# Amtrak Stumps For HSR



## WhoozOn1st (Jun 8, 2010)

From RailwayAge:

"Amtrak called on the Federal Railroad Administration Monday to be 'bold and unambiguous' in recognizing that 'Amtrak's existing national intercity passenger rail system should be recognized in the NRP [National Rail Plan] as the foundation for the development of an expanded network of high speed and conventional rail services spanning key corridors across the United States.'"

Amtrak seeks role as U.S. HSR "foundation"


----------



## mfastx (Jun 8, 2010)

I think Amtrak should operate at least some of these new high speed rail lines. I rode the Acela, and I think they do a good enough job running that train, even with the slower trains getting in the way.


----------



## rrdude (Jun 9, 2010)

WhoozOn1st said:


> From RailwayAge:
> "Amtrak called on the Federal Railroad Administration Monday to be 'bold and unambiguous' in recognizing that 'Amtrak's existing national intercity passenger rail system should be recognized in the NRP [National Rail Plan] as the foundation for the development of an expanded network of high speed and conventional rail services spanning key corridors across the United States.'"
> 
> Amtrak seeks role as U.S. HSR "foundation"


Competition many times improves the overall product choices, and forces each carrier to "work harder and smarter"........

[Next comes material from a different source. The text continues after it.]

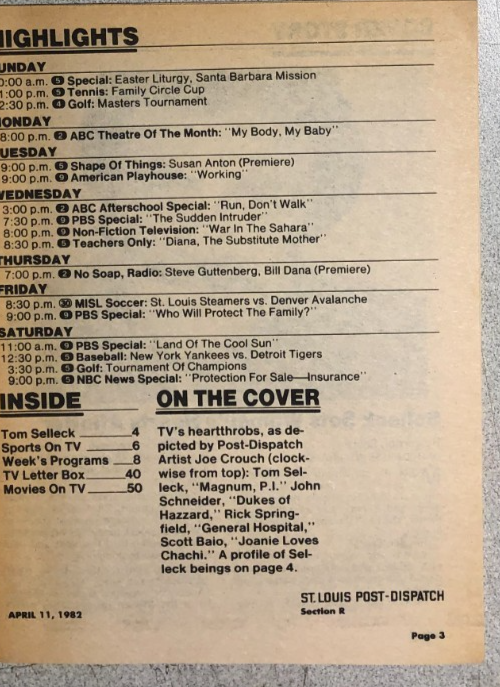 TV MAGAZINE St Louis (MO) Post-Dispatch April 11, 1982 Tom Sellick, Baio cover
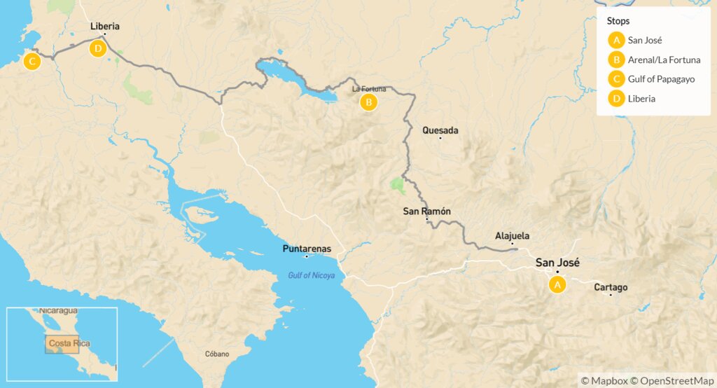 Map of Luxury Costa Rica Romantic Escape: Arenal & Gulf of Papagayo – 7 Days

I'd like to see someone other than Amtrak running some HSR. It would be a real wake up call to those lifers in DC.


----------



## AlanB (Jun 9, 2010)

rrdude said:


> It would be a real wake up call to those lifers in DC.


They already got a wake up call when they lost the VRE contract.


----------



## GG-1 (Jun 9, 2010)

AlanB said:


> rrdude said:
> 
> 
> > It would be a real wake up call to those lifers in DC.
> ...


Aloha

Sorta hate to think this but many get their wake up call and roll over and go back to sleep.


----------